Doctor of Philosophy / Biochemistry and Molecular Biophysics / Jeroen Roelofs / The proteasome is a large protease in the cell that contributes to the controlled degradation of proteins. This 2.5MDa 26S proteasome complex consists of a 19S regulatory particle (RP) that recognizes substrates and a 20S proteolytic core particle (CP) that hydrolyses substrates. To function optimally all 66 subunits of the proteasome complex need to assemble properly. Efficient and accurate assembly of the proteasome is achieved with the help of proteins that can monitor the quality of the proteasome during pre- and post-assembly processes. The work in this thesis described an investigation into two of such quality control mechanisms. Pba1-Pba2 dimer has been known to facilitate the CP assembly by interacting with the top of the α-ring of CP throughout CP maturation. After CP maturation, RP utilizes same surface to form a CP-RP complex. Our data showed that Pba1-Pba2 binds tightly to the immature CP and prevents RP association. Once matured CP has a reduced affinity for Pba1-Pba2 and shows a higher affinity towards RP, resulting the formation of 26S proteasome complex. Our results imply that during maturation, CP undergoes conformational changes that results in this switch in affinity. Mathematical models indicate that during assembly such an 'affinity switch' quality control mechanism is required to prevent immature CP-RP complex formations. These types of wrong dead end products prevent efficient proteasome complex formation.
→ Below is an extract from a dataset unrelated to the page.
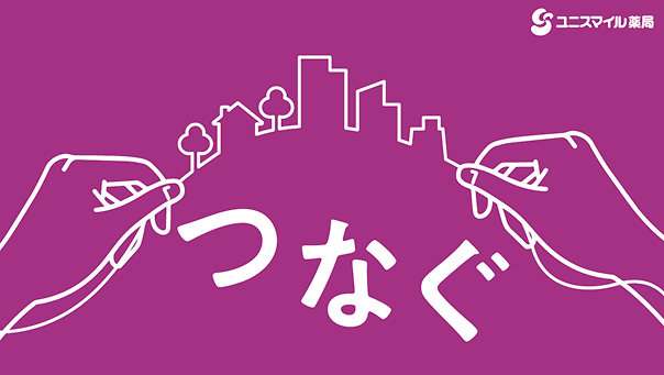 ユニスマイルという社名は、「Unity(ひとつになる)」「Unite(つなぐ)」「Smile(笑顔)」という3つの言葉が合わさって生まれました。地域とひとつになり笑顔をつなぐ薬局でありたいという思いが込められています。なかでも「つなぐ」というフレーズは2022年から始まった中期事業計画のテーマとしても使用しています。人材、店舗、システム、そして患者さま、それぞれのつながりを強化し、地域医療と患者さまをつなぐ存在に近づけるよう取り組んできました。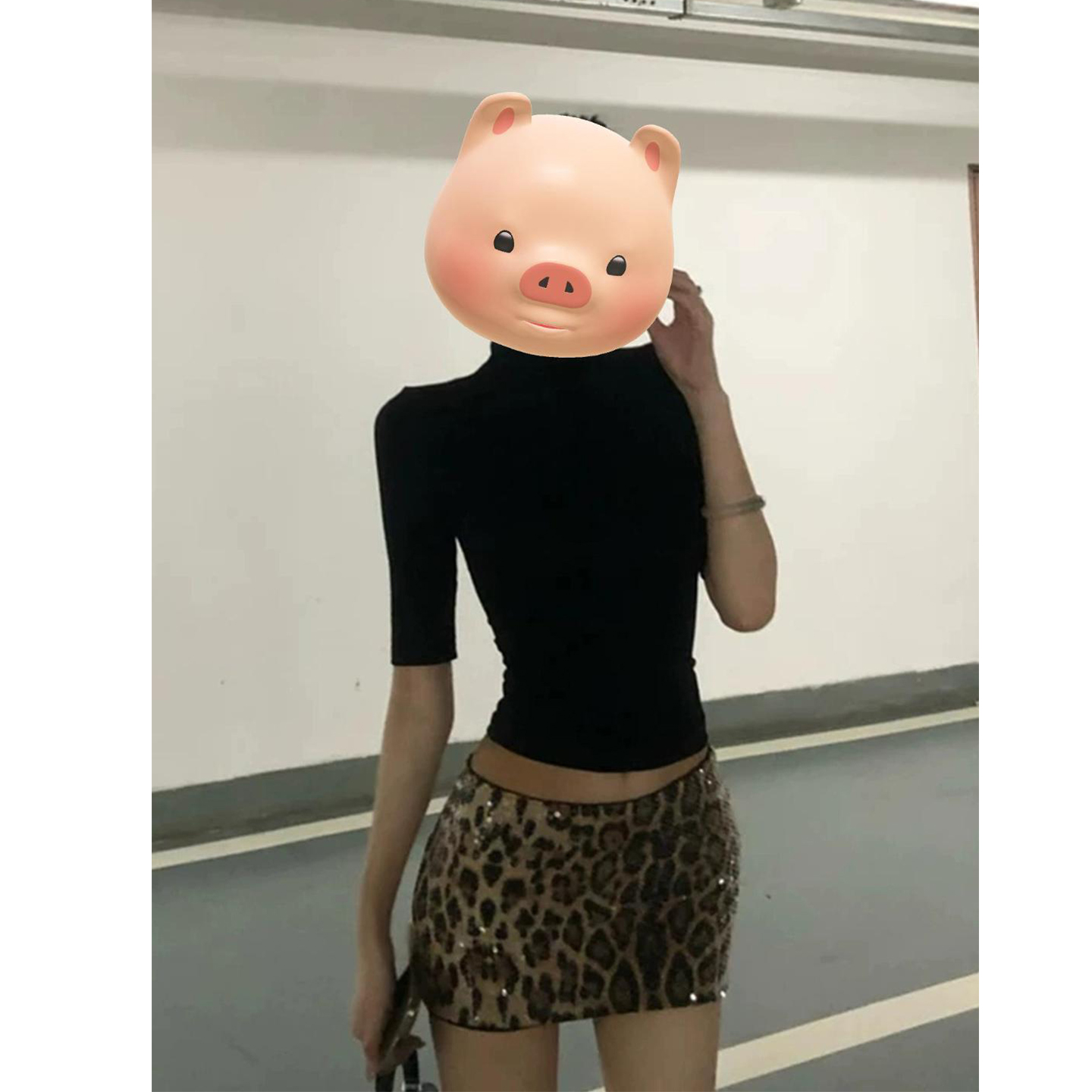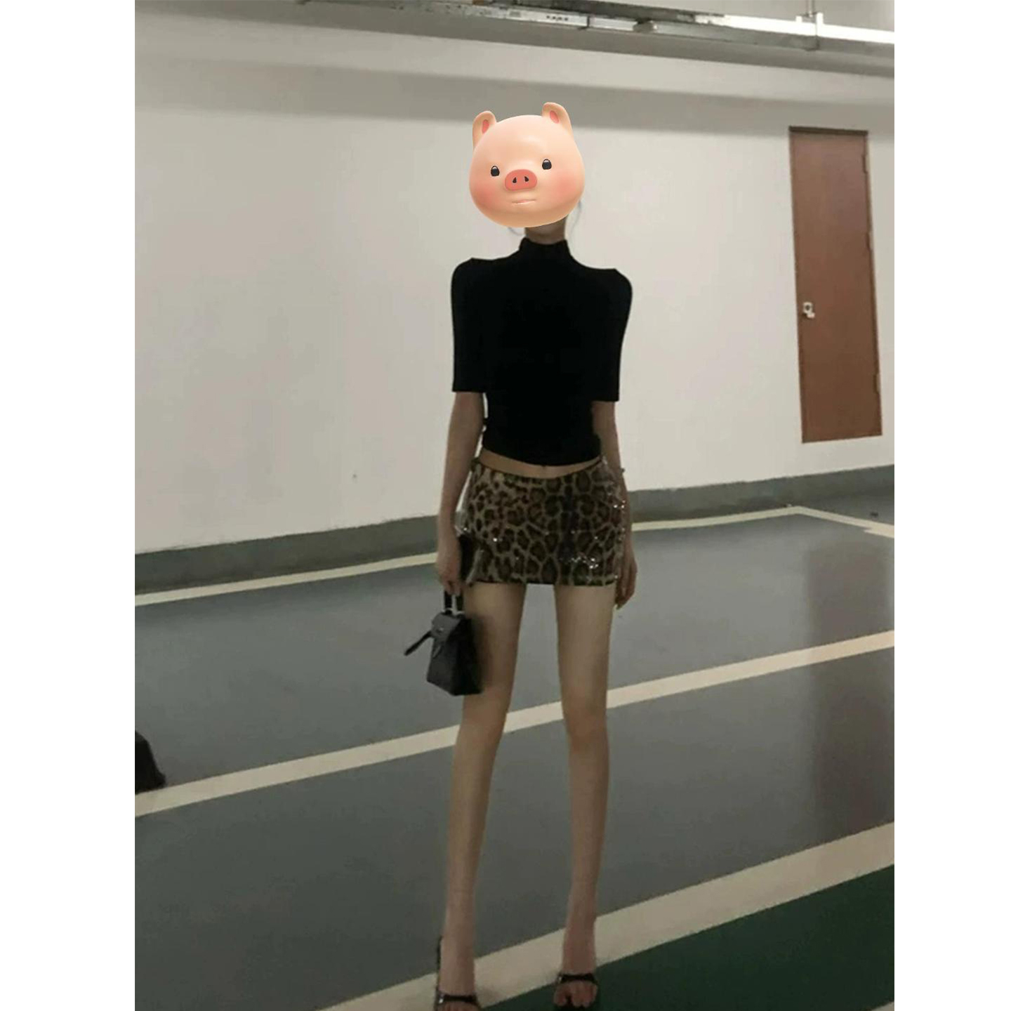 女25年夏辣妹豹纹包臀裙套装 XZY 打底衫 微透半袖 微胖御姐气质修身

Proteasomes formed with post-assembly defects are enriched with the proteasome associated protein Ecm29. Here Ecm29 is proposed to function as a quality control factor that inhibits such defective proteasomes to avoid aberrant protein degradation. This would require Ecm29 to preferably bind to mutant proteasomes. While we know Ecm29 interacts with RP as well as CP, we still don’t understand well how it binds to proteasomes holoenzyme. Here, we identify that besides the Rpt5 subunit of RP, Ecm29 binds to alpha7. We showed that conserved acidic residues containing unstructured C-terminal region of the CP subunit alpha7 facilitates the Ecm29-Proteasome interactions. Further mapping revealed the importance of phosphorylation of serine residues at the alpha7 C-terminal tail for Ecm29 interaction. We anticipate that this study leads to identification of specificity of the Ecm29 for the defective proteasomes. Overall this will help us to understand the role of Ecm29 in regulation of defective proteasomes in vivo.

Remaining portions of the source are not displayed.